After a two-week trial, the jury awarded plaintiffs only a fraction of the damages calculated by the plaintiffs’ expert.
Retained by O’Melveny & Myers
ArcSoft, a privately-held U.S. based software company, was bought out by a group of investors (that included ArcSoft’s CEO) in 2017. In 2019, ArcSoft went public through an IPO in China, and ArcSoft’s valuation at that time was significantly higher than its valuation at the time of the buyout.
The plaintiffs, a group of ArcSoft investors who sold their shares in the 2017 buyout, alleged that ArcSoft and its CEO persuaded them to sell their shares in the buyout at a price far below fair market value by making misleading statements that ArcSoft was in financial decline. Plaintiffs alleged that if they had known the truth, they would not have accepted the share price that was offered in the 2017 buyout.

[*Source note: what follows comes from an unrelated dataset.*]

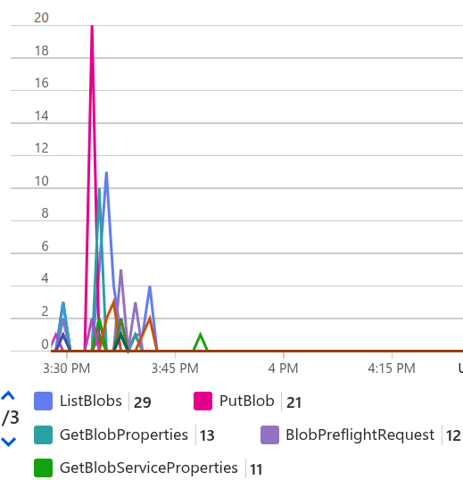 call, at least from the granularity of this graph. Remember that this is a test container with only 10 blobs and 10 virtual directories, so imagine what would happen in a production container with thousands of blobs and directories.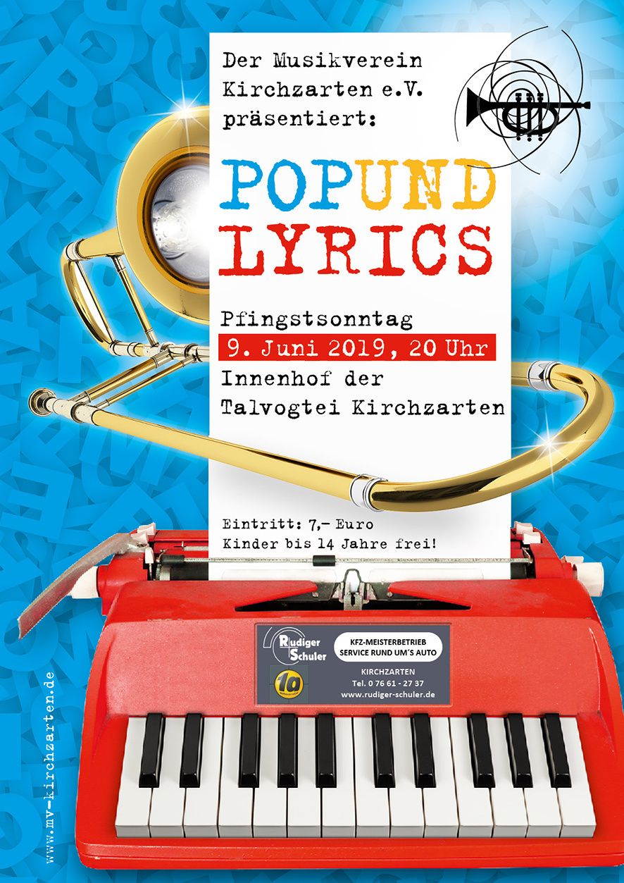Musikverein Kirchzarten präsentiert Pop and LyricsUnter dem Motto „Textsicher“ erwartet das Publikum am Pfingstsonntag, den 09.06.2019 um 20.00 Uhr im Schlosshof der Talvogtei eine Reise durch die verschiedenen Jahrzehnte der Popmusik.

Counsel retained Cornerstone Research to support Rick Van Zijl and Reza Dibadj of the University of San Francisco, both of whom testified at trial.
- Van Zijl rebutted plaintiffs’ experts’ opinions regarding the growth profile of ArcSoft at the time of the buyout as well as their valuation analyses, including discounted cash flow (DCF), comparables and previous transactions.
- Professor Dibadj rebutted plaintiffs’ experts’ opinions regarding the corporate governance processes surrounding the buyout of ArcSoft’s shares in 2017, and the defendants’ purported duty to disclose certain information to shareholders during the buyout.
After a two-week jury trial in the U.S. District Court, for the Northern District of California, the jury slashed Plaintiffs’ requested damages by over 95%.